Take the lines in the listing below from the line with "Graf týdne: Výhled" up to and including the line with "SCSI ID bit." and set them down exactly, skipping pictures and adding nothing.
== Records provided
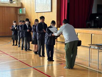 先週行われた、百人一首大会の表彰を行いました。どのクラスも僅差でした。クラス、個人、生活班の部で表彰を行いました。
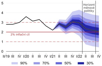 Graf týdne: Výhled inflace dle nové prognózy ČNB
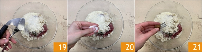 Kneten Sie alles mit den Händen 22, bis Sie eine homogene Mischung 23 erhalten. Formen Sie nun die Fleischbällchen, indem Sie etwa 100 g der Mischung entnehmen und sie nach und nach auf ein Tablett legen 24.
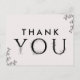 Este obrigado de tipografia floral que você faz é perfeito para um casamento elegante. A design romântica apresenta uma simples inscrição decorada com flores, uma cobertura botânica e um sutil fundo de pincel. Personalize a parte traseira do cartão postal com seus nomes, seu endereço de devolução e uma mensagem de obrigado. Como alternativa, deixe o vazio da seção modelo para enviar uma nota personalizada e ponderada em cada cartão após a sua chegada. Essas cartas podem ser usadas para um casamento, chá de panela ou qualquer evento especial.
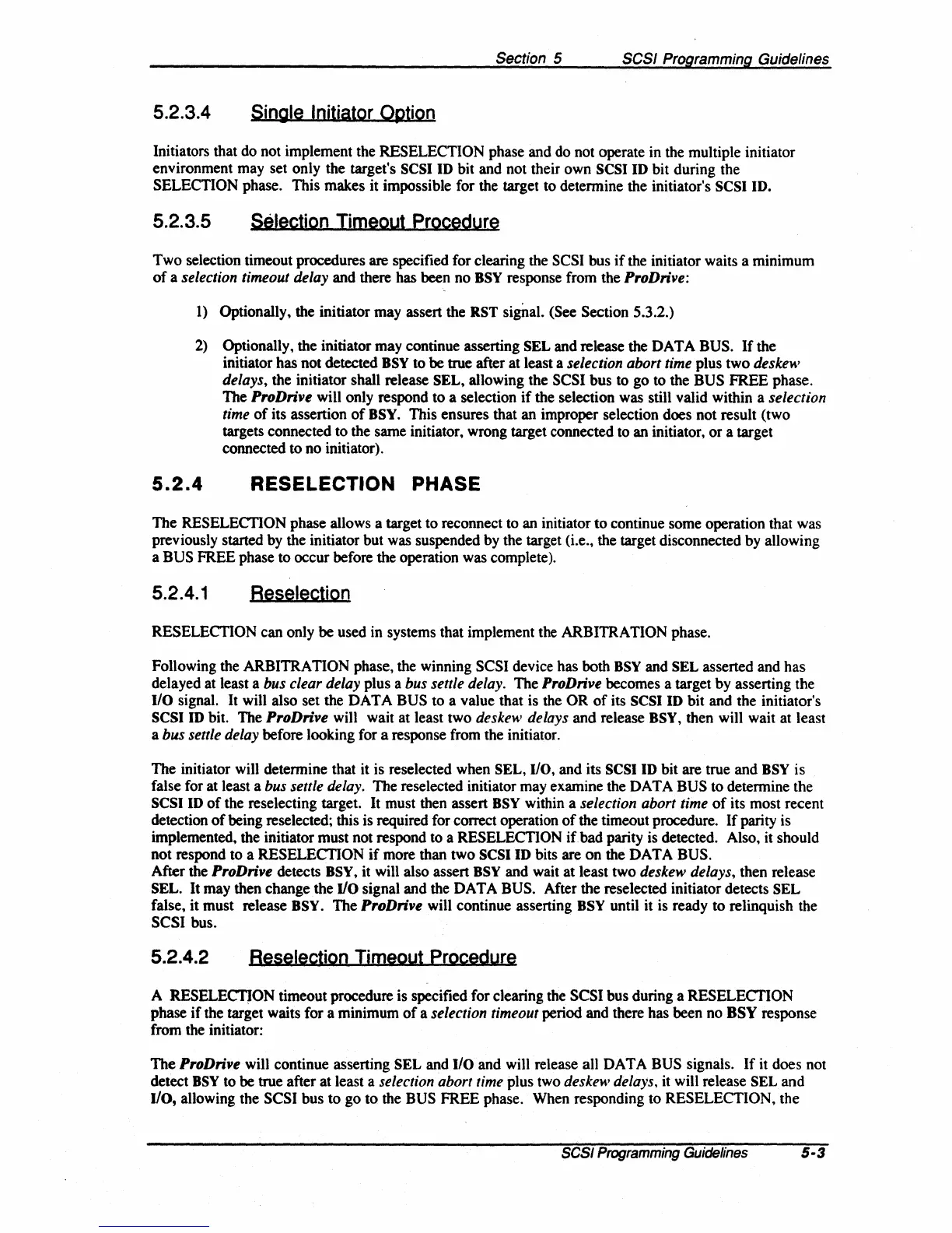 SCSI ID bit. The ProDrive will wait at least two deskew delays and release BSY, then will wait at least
====
== Records provided
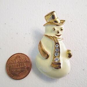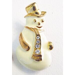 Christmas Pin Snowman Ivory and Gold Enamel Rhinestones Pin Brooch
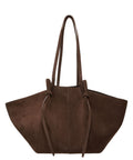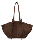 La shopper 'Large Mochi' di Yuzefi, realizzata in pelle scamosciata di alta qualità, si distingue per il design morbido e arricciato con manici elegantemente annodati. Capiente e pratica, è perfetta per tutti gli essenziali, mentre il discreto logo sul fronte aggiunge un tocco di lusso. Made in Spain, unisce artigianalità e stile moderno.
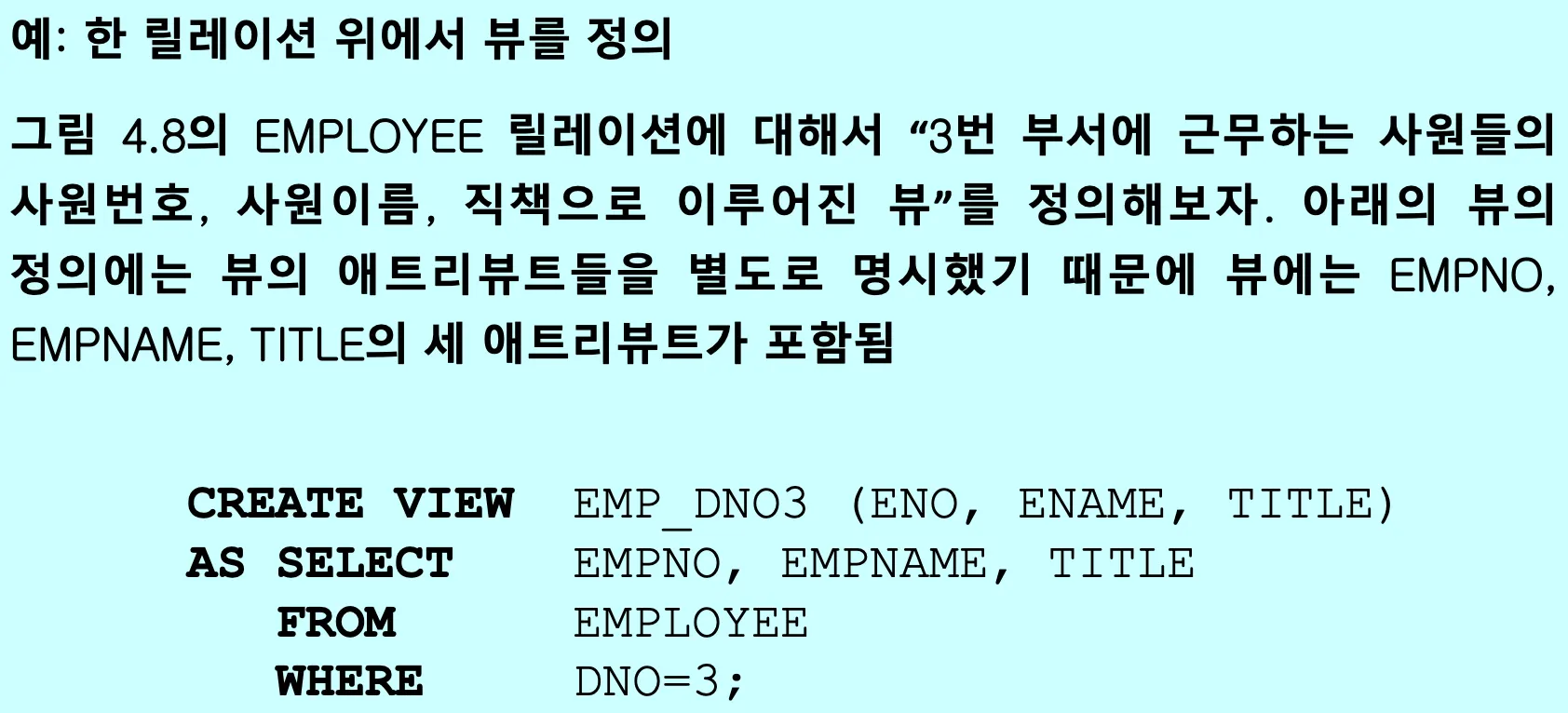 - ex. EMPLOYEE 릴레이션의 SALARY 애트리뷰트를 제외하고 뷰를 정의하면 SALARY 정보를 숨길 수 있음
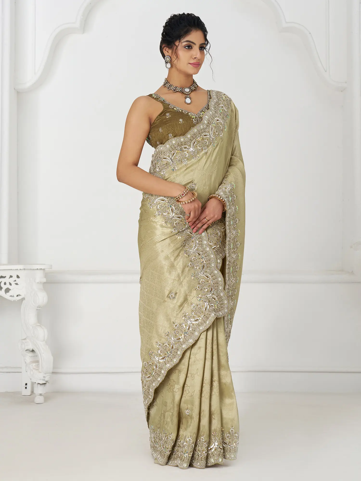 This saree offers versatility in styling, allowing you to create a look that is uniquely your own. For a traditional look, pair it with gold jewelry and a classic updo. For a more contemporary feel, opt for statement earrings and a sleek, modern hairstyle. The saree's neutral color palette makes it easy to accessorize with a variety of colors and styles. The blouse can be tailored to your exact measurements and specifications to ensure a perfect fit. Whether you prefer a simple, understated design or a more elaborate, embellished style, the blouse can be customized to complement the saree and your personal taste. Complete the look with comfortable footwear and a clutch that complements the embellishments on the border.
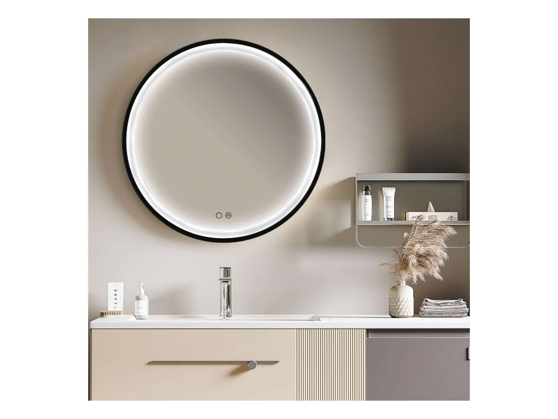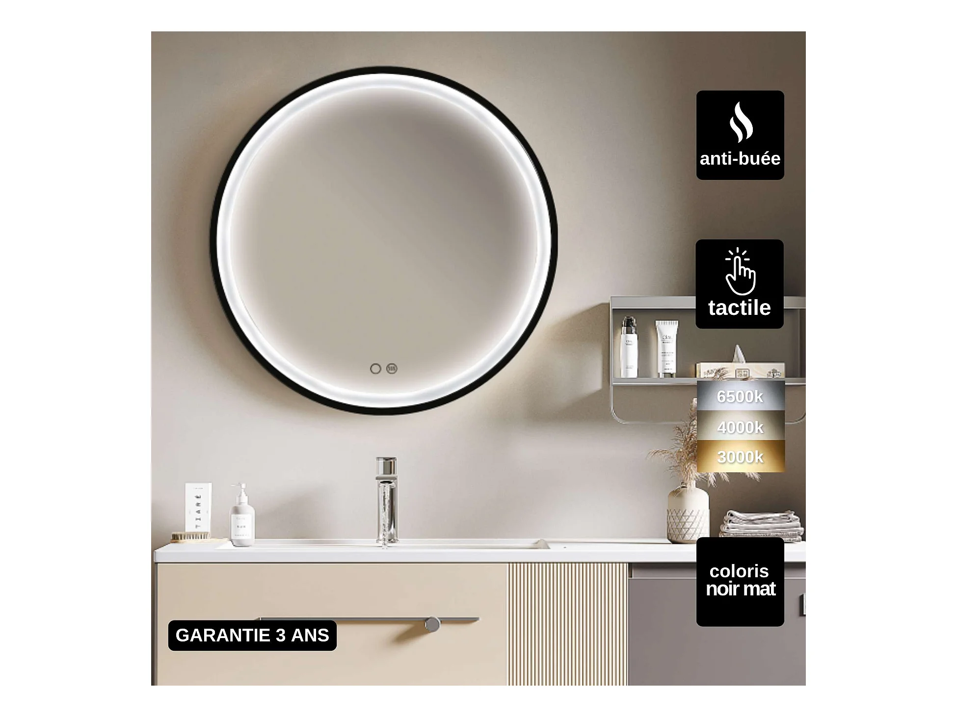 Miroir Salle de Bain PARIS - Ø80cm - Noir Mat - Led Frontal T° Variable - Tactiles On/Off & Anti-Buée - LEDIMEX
====
== Records provided
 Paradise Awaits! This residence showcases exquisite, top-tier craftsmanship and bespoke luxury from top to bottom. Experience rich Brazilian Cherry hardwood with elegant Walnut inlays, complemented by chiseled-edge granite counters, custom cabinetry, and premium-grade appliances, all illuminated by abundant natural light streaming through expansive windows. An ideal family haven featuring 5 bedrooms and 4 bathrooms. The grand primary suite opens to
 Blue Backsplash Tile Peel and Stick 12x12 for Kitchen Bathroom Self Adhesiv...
====
Written solution —
 Graf týdne: Výhled inflace dle nové prognózy ČNB
 Kneten Sie alles mit den Händen 22, bis Sie eine homogene Mischung 23 erhalten. Formen Sie nun die Fleischbällchen, indem Sie etwa 100 g der Mischung entnehmen und sie nach und nach auf ein Tablett legen 24.
 Este obrigado de tipografia floral que você faz é perfeito para um casamento elegante. A design romântica apresenta uma simples inscrição decorada com flores, uma cobertura botânica e um sutil fundo de pincel. Personalize a parte traseira do cartão postal com seus nomes, seu endereço de devolução e uma mensagem de obrigado. Como alternativa, deixe o vazio da seção modelo para enviar uma nota personalizada e ponderada em cada cartão após a sua chegada. Essas cartas podem ser usadas para um casamento, chá de panela ou qualquer evento especial.
 SCSI ID bit. The ProDrive will wait at least two deskew delays and release BSY, then will wait at least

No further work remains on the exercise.